How land of Gandhi came to love the bomb

Tim McGirk on New Delhi's opposition to an all-out test ban

During the Cold War, when the United States and the Soviet Union were building up atomic arsenals capable of destroying the Earth 50 times over, India was a sane voice urging nuclear disarmament. But now India alone among the 60-odd nations at the Geneva Conference on Disarmament has killed an historic treaty banning nuclear tests.

Has it veered so far from its Gandhian principles of non-violence? Inder Kumar Gujral, the Indian Foreign Minister, says not. The Geneva pact, which had taken over two years of debates, haggling and compromise painfully to construct, was, in Mr Gujral's words, a "flawed text". He added: "It is a sad fact that the nuclear- weapon states show no interest in giving up their nuclear hegemony."

India's motives in blocking the Comprehensive Test Ban Treaty (CTBT) are twofold: altruistic and selfish. First, its Geneva negotiators argued that the pact does not go far enough down the road to free the world from the threat of a nuclear holocaust.

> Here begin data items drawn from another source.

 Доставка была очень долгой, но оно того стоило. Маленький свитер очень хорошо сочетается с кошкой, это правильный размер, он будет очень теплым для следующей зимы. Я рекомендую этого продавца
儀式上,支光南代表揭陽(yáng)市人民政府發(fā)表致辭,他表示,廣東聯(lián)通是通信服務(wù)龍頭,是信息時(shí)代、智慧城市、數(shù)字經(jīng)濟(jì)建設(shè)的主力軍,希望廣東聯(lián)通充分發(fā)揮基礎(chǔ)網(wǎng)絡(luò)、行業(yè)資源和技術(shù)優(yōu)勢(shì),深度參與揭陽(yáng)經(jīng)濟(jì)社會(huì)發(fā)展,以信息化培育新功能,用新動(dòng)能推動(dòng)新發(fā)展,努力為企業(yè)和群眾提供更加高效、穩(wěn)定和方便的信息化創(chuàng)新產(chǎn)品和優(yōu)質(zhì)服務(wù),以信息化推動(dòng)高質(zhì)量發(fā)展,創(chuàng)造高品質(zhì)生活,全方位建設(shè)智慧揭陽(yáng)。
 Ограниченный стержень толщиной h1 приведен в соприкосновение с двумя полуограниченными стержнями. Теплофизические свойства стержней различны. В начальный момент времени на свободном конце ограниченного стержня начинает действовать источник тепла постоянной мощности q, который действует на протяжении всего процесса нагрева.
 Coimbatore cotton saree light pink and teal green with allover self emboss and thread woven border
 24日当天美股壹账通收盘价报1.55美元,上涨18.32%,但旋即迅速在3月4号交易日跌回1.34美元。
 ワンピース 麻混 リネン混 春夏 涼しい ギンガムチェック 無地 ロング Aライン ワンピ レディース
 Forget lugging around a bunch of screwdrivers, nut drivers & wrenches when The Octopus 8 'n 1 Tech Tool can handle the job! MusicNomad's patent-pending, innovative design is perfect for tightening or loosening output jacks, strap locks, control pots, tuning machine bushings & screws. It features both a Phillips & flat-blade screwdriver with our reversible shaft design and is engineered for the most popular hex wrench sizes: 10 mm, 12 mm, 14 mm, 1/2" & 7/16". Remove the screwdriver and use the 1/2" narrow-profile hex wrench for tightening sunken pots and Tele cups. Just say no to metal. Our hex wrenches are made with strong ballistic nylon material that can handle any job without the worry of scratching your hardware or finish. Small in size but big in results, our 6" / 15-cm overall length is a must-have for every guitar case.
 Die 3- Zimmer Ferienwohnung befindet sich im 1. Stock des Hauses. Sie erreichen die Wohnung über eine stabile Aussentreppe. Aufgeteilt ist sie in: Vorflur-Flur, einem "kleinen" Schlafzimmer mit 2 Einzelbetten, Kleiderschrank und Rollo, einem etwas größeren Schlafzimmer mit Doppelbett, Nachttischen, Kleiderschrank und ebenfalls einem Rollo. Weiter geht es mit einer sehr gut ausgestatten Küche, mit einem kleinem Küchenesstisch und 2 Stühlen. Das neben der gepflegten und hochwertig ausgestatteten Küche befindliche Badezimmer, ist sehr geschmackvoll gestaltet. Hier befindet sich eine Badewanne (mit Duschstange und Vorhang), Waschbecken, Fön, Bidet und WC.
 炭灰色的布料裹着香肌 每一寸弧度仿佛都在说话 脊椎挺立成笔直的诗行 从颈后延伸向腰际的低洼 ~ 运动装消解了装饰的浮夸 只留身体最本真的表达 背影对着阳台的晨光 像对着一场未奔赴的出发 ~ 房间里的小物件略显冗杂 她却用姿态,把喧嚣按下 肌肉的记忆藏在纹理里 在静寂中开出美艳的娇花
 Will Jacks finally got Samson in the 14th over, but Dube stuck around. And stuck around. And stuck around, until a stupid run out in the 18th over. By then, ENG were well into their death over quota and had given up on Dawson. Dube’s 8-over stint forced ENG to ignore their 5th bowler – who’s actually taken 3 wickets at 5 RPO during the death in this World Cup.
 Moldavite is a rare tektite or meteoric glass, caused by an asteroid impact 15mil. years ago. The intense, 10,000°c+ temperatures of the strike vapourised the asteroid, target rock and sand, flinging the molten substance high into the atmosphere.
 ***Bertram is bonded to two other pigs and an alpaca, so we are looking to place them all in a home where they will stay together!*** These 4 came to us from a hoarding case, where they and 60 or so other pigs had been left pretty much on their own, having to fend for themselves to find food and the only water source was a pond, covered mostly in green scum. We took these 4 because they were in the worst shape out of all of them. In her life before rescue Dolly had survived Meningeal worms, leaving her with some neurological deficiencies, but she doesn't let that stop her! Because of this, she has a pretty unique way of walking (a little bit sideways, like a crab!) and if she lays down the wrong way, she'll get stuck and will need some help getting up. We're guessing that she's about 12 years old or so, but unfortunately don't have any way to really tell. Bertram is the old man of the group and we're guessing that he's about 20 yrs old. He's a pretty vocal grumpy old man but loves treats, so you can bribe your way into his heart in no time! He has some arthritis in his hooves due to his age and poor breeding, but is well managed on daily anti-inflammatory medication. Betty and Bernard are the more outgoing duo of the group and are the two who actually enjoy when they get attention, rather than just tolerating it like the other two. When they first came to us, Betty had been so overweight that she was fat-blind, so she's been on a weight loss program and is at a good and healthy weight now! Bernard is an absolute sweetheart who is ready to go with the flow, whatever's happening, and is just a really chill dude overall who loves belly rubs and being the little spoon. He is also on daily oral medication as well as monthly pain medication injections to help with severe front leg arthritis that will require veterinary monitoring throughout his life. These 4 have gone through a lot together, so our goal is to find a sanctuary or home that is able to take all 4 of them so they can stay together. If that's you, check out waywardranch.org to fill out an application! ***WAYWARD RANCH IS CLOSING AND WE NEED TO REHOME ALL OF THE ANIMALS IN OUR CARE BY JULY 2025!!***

The treaty is flawed, according to New Delhi, as it fails to stop the existing nuclear powers - Britain, China, the US, Russia and France - from either dismantling their arsenals or inventing new weapons of mass destruction.

Secondly, insist the Indians, the treaty would leave the country vulnerable to a possible nuclear attack from its occasion- ally hostile neighbours, Pakistan and China.

Military experts estimate that China has more than 200 nuclear warheads, while Pakistan is advanced in the development of its own nuclear programme and may have clandestinely exploded a device several years ago at Lop Nor, the Chinese test site.

With the CTBT in force, India would be unable to test new devices, locking China into a dangerous position of superiority, according to diplomats in New Delhi.

"We cannot accept constraints on our option as long as nuclear-weapon states continue to rely on their nuclear arsenals for security," said the Indian Foreign Minister. However, billions of extra pounds must be siphoned off development projects for India even to attempt to catch up with China's more advanced nuclear programme.

In India, the debate over the test ban treaty has aroused old nationalistic and anti-colonial sentiment. Often in the Indian press the treaty has been portrayed as a clever dodge by the superpowers to keep developing nations such as India out of the elite nuclear club.

India's recently elected Prime Minister, Deve Gowda, is preoccupied with trying to keep his fragile coalition government of leftist and regional parties from becoming unglued and if he were to reverse India's opposition to the CTBT, it might lead to his demise. From the Communists across the spectrum to the right-wing Hindus, all political parties are united against the test ban treaty. They tend to see themselves as David standing up to the the nuclear Goliaths.

As one Indian defence expert, Jasjit Singh, wrote recently: "Why is it unrealistic to expect firm movement towards disarmament? What is the rationale for Britain, for example, to continue maintaining a more modern arsenal, and against what threat?"

India's refusal has also brought sharp words from Washington, which backfired, making the New Delhi government all the more obstinately opposed to the treaty. The Clinton administration moved to ease the growing rift with India.

A State Department spokesman on Thursday assured India that "This is not about punishment, and the objective is not looking at the ways we can strong-arm India. We prefer to try to convince the Indians of why it is in their interests to support the text."

Defenders of the test ban treaty, inside India and out, argue that its veto could brake the momentum among countries to press on with nuclear disarmament. Even if the CTBT draft is sent on to the UN General Assembly without Geneva's seal of approval, it may become so scissored and altered with amendments as to become meaningless.